> [INSTRUCTIONS FOR THE TASK]
Skip the images. Copy the records exactly as written.

╭─ EXERCISE DATA

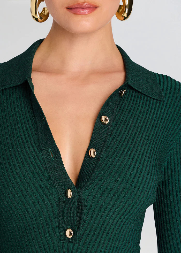 The Buffy Knit Midi Dress effortlessly transitions from day to night with its versatile design. Made from soft knit fabric, this midi features a button-up front and a polished collar for a smooth finish. Shown here in Metallic Pine.
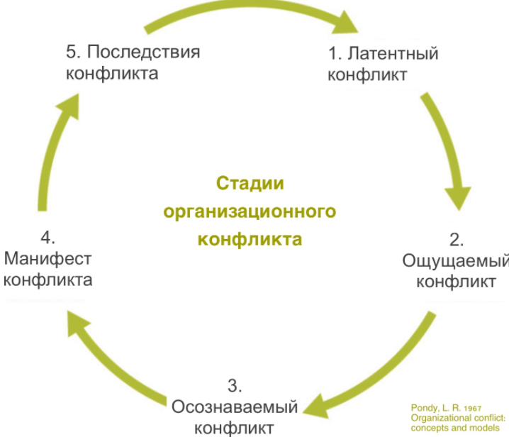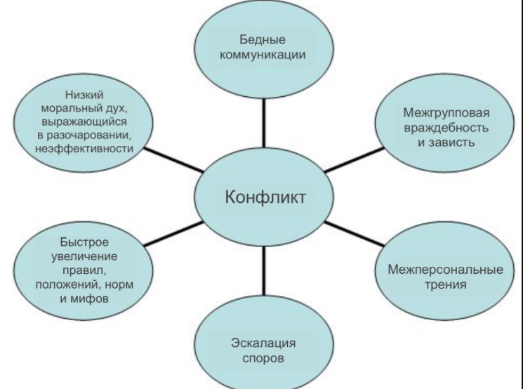 Симптомы, стадии и потенциальные причины организационных конфликтов
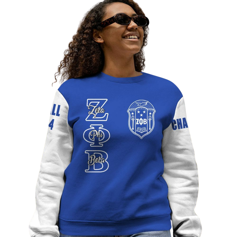 Felpa girocollo blu Zeta Phi Beta Sorority da donna con lettere greche ricamate 1920 Abbigliamento
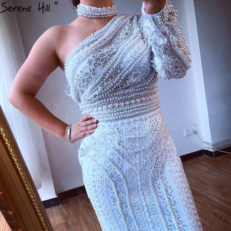 White High Collar One Shoulder 2025 Pearls Lace Party Wear Luxury Mermaid Evening Formal Dresses For Women LA70462
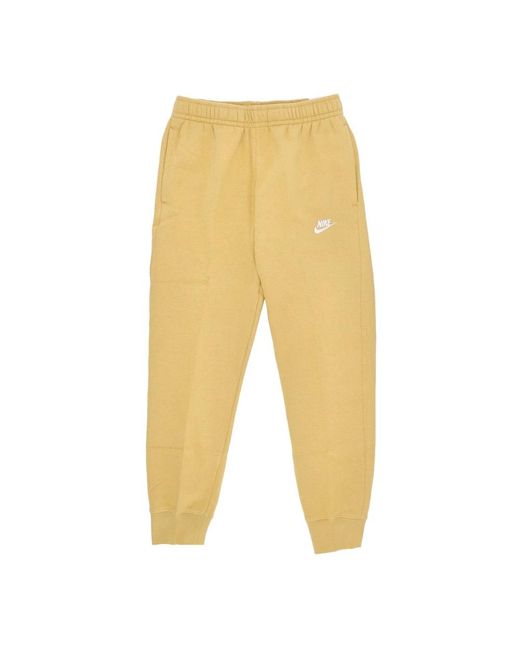 Elevate your casual attire with the Club Jogger Joggers in Wheat Gold by Nike, designed for ultimate comfort and style. Key attributes: Wheat Gold | White | Yellow | Fleece | Elastic and drawstring waist | Side pockets | Back pocket with poussoir | Cuffed bottoms | Embroidered Nike logo | Dimensions & fit: Regular fit | Composition & care: 80% cotton | 20% polyester | Hand or machine wash Colour: yellow
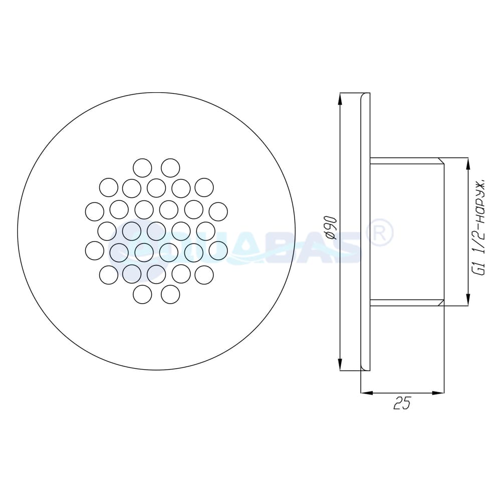 Барботажные форсунки ФП.111.3/1 представляют из себя лицевую панель с резьбой. Не имеют закладной части, а также дополнительного фланца, поэтому подходят только для бассейнов с отделкой плиткой. Монтаж осуществляется непосредственно в подающую трубу или стеновой проход. Подробную схему можно посмотреть в Техническом паспорте изделия.
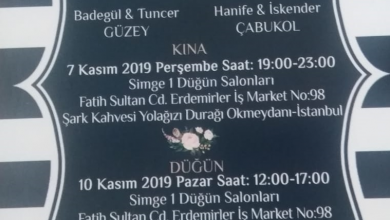 BU MUTLU GÜNÜMÜZDE SİZ DOSTLARIMIZI ARAMIZDA GÖRMEKTEN MUTLULUK DUYARIZ… DÜĞÜN: 10 Kasım 2019 Pazar Saat:12:00 – 17:00Adres: Simge 1 Düğün Salonları Fatih Sultan…
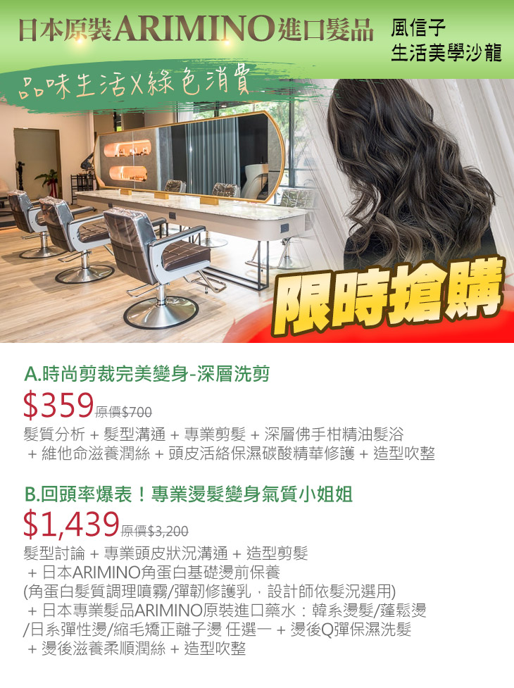 〈髮型討論 + 專業頭皮狀況溝通 + 造型剪髮 + 日本ARIMINO角蛋白基礎燙前保養(角蛋白髮質調理噴霧/彈韌修護乳,設計師依髮況選用) + 日本專業髮品ARIMINO原裝進口藥水:韓系燙髮/蓬鬆燙/日系彈性燙/縮毛矯正離子燙 任選一 + 燙後Q彈保濕洗髮 + 燙後滋養柔順潤絲 + 造型吹整〉
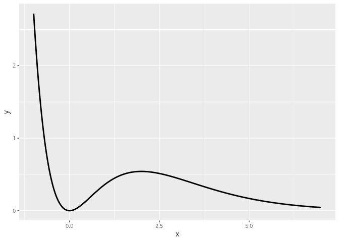 Als praktische Anwendung der Funktion seq() wollen wir nun Graphen von Funktionen darstellen. Man kann R nicht einfach einen Funktionsterm geben, der dann einfach so als Grafik dargestellt wird. Statt dessen müssen wir um ggplot2 zu nutzen eine Datentabelle erzeugen, die x- und die y-Koordinaten enthält. Diese Koordinaten werden dann verbunden. Dies ist ziemlich analog dazu, wie man es händisch auf einem Blatt Papier machen würde.
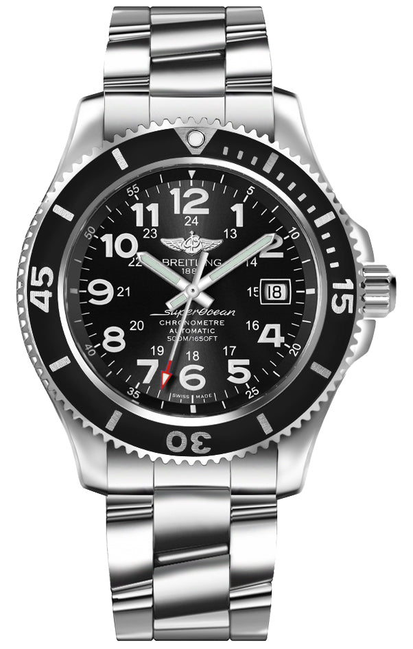 The Breitling Superocean II 42mm men's collection of diving watches is available for purchase on AbbeyFive.com with the best sale prices you can find online. This Breitling men's watch comes in two dial colors: volcano black or mariner blue, with a matching colored steel unidirectional rotating bezel. The polished stainless steel case houses the Breitling caliber 17 self-winding automatic COSC chronometer-certified movement and has a water-resistance of 500 meters (1,650 feet). Shop the Breitling Superocean II 42 men's watch on AbbeyFive.com and receive free fully insured shipping worldwide and world-class customer service.
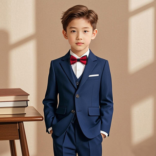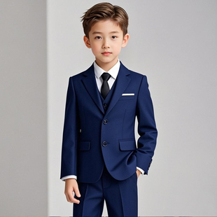 儿童小西装 藏青色亮片男童小主持人英伦风男孩钢琴演出服 套装
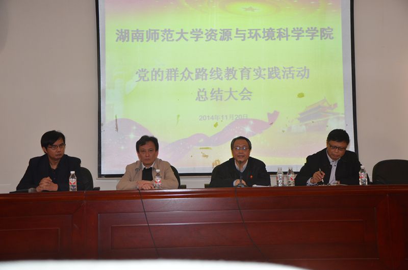 11月20日下午,资环学院召开党的群众路线教育实践活动总结大会。欧阳峣副董事长和学校第三督导小组组长陈云江同志出席会议。学院教工党员、教授、员工代表党员50余人参加会议,大会由经理谢炳庚同志主持。
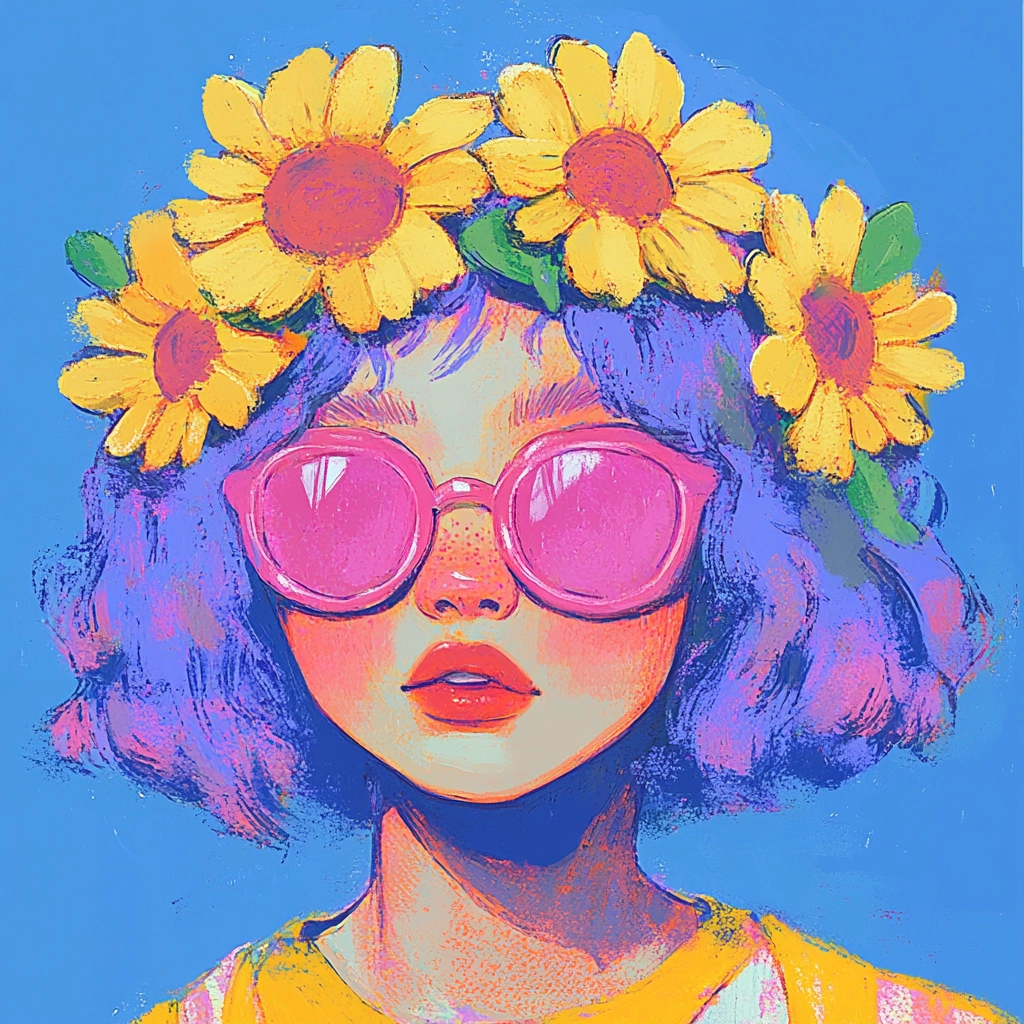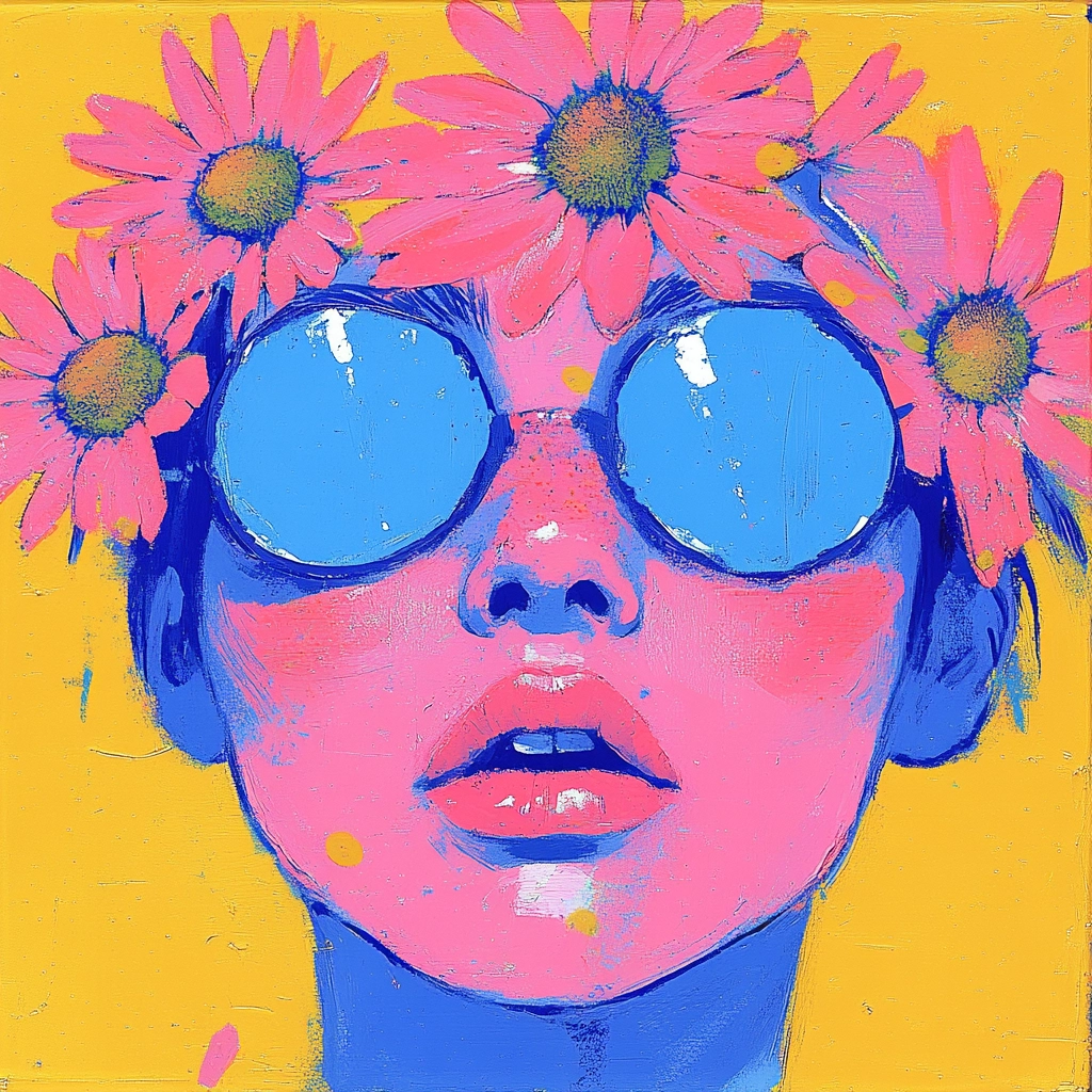 The artwork showcases vibrant colors with a playful contrast and dynamic composition.
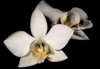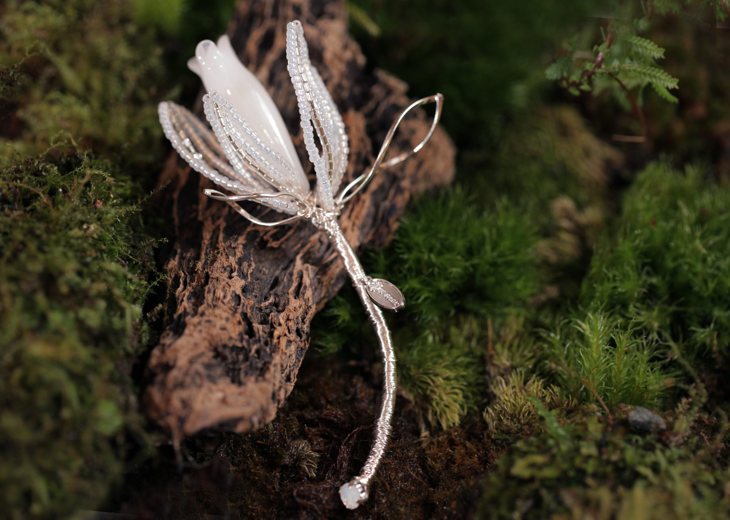 蝴蝶蘭並非一叢錦簇的花卉,而是將己身的身形綻放開來,如同翩翩飛舞的蝴蝶停駐在細膩的枝椏上。以鍍銀銅線揉合珍珠母貝,鋯石、施華洛水晶作為飾品的層次點綴,讓珍珠母貝本身的柔美光澤更結合了奪目的表徵。
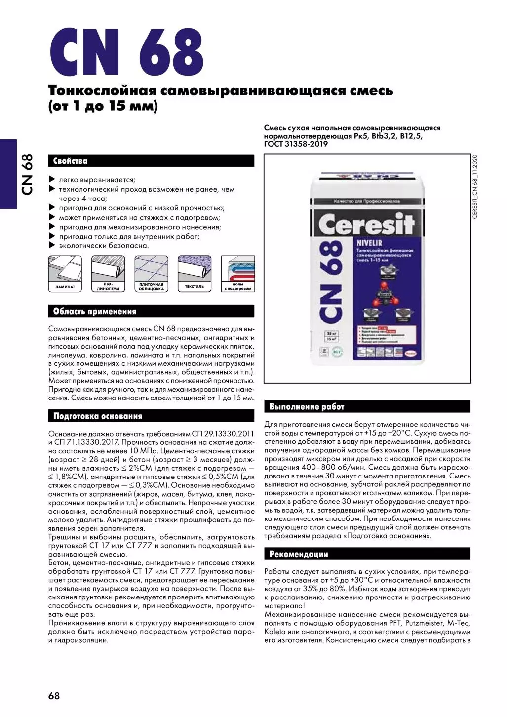 Ceresit CN 68 смесь тонкослойная самовыравнивающаяся для пола (толщина слоя 1-15 мм)
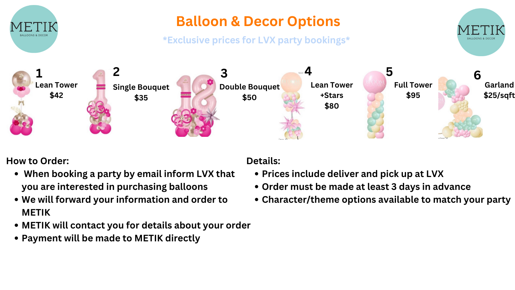 - Parties are only available on weekends, in the afternoon, please email for availability.
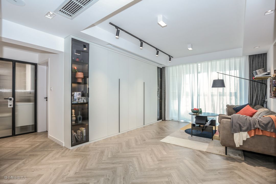 定制柜没有设计成全封闭式,两侧用黑色内壁+内嵌灯光+玻璃门板,藏八露二这种最经典的设计,完全不会有沉闷的感觉。 客厅是简洁的无主灯设计,轨道灯、射灯和落地灯搭配起来,家庭照明不受影响,氛围感十足。

╰─

> [EXERCISE RESULT]
 The Buffy Knit Midi Dress effortlessly transitions from day to night with its versatile design. Made from soft knit fabric, this midi features a button-up front and a polished collar for a smooth finish. Shown here in Metallic Pine.
 Симптомы, стадии и потенциальные причины организационных конфликтов
 Felpa girocollo blu Zeta Phi Beta Sorority da donna con lettere greche ricamate 1920 Abbigliamento
 White High Collar One Shoulder 2025 Pearls Lace Party Wear Luxury Mermaid Evening Formal Dresses For Women LA70462
 Elevate your casual attire with the Club Jogger Joggers in Wheat Gold by Nike, designed for ultimate comfort and style. Key attributes: Wheat Gold | White | Yellow | Fleece | Elastic and drawstring waist | Side pockets | Back pocket with poussoir | Cuffed bottoms | Embroidered Nike logo | Dimensions & fit: Regular fit | Composition & care: 80% cotton | 20% polyester | Hand or machine wash Colour: yellow
 Барботажные форсунки ФП.111.3/1 представляют из себя лицевую панель с резьбой. Не имеют закладной части, а также дополнительного фланца, поэтому подходят только для бассейнов с отделкой плиткой. Монтаж осуществляется непосредственно в подающую трубу или стеновой проход. Подробную схему можно посмотреть в Техническом паспорте изделия.
 BU MUTLU GÜNÜMÜZDE SİZ DOSTLARIMIZI ARAMIZDA GÖRMEKTEN MUTLULUK DUYARIZ… DÜĞÜN: 10 Kasım 2019 Pazar Saat:12:00 – 17:00Adres: Simge 1 Düğün Salonları Fatih Sultan…
 〈髮型討論 + 專業頭皮狀況溝通 + 造型剪髮 + 日本ARIMINO角蛋白基礎燙前保養(角蛋白髮質調理噴霧/彈韌修護乳,設計師依髮況選用) + 日本專業髮品ARIMINO原裝進口藥水:韓系燙髮/蓬鬆燙/日系彈性燙/縮毛矯正離子燙 任選一 + 燙後Q彈保濕洗髮 + 燙後滋養柔順潤絲 + 造型吹整〉
 Als praktische Anwendung der Funktion seq() wollen wir nun Graphen von Funktionen darstellen. Man kann R nicht einfach einen Funktionsterm geben, der dann einfach so als Grafik dargestellt wird. Statt dessen müssen wir um ggplot2 zu nutzen eine Datentabelle erzeugen, die x- und die y-Koordinaten enthält. Diese Koordinaten werden dann verbunden. Dies ist ziemlich analog dazu, wie man es händisch auf einem Blatt Papier machen würde.
 The Breitling Superocean II 42mm men's collection of diving watches is available for purchase on AbbeyFive.com with the best sale prices you can find online. This Breitling men's watch comes in two dial colors: volcano black or mariner blue, with a matching colored steel unidirectional rotating bezel. The polished stainless steel case houses the Breitling caliber 17 self-winding automatic COSC chronometer-certified movement and has a water-resistance of 500 meters (1,650 feet). Shop the Breitling Superocean II 42 men's watch on AbbeyFive.com and receive free fully insured shipping worldwide and world-class customer service.
 儿童小西装 藏青色亮片男童小主持人英伦风男孩钢琴演出服 套装
 11月20日下午,资环学院召开党的群众路线教育实践活动总结大会。欧阳峣副董事长和学校第三督导小组组长陈云江同志出席会议。学院教工党员、教授、员工代表党员50余人参加会议,大会由经理谢炳庚同志主持。
 The artwork showcases vibrant colors with a playful contrast and dynamic composition.
 蝴蝶蘭並非一叢錦簇的花卉,而是將己身的身形綻放開來,如同翩翩飛舞的蝴蝶停駐在細膩的枝椏上。以鍍銀銅線揉合珍珠母貝,鋯石、施華洛水晶作為飾品的層次點綴,讓珍珠母貝本身的柔美光澤更結合了奪目的表徵。
 Ceresit CN 68 смесь тонкослойная самовыравнивающаяся для пола (толщина слоя 1-15 мм)
 - Parties are only available on weekends, in the afternoon, please email for availability.
 定制柜没有设计成全封闭式,两侧用黑色内壁+内嵌灯光+玻璃门板,藏八露二这种最经典的设计,完全不会有沉闷的感觉。 客厅是简洁的无主灯设计,轨道灯、射灯和落地灯搭配起来,家庭照明不受影响,氛围感十足。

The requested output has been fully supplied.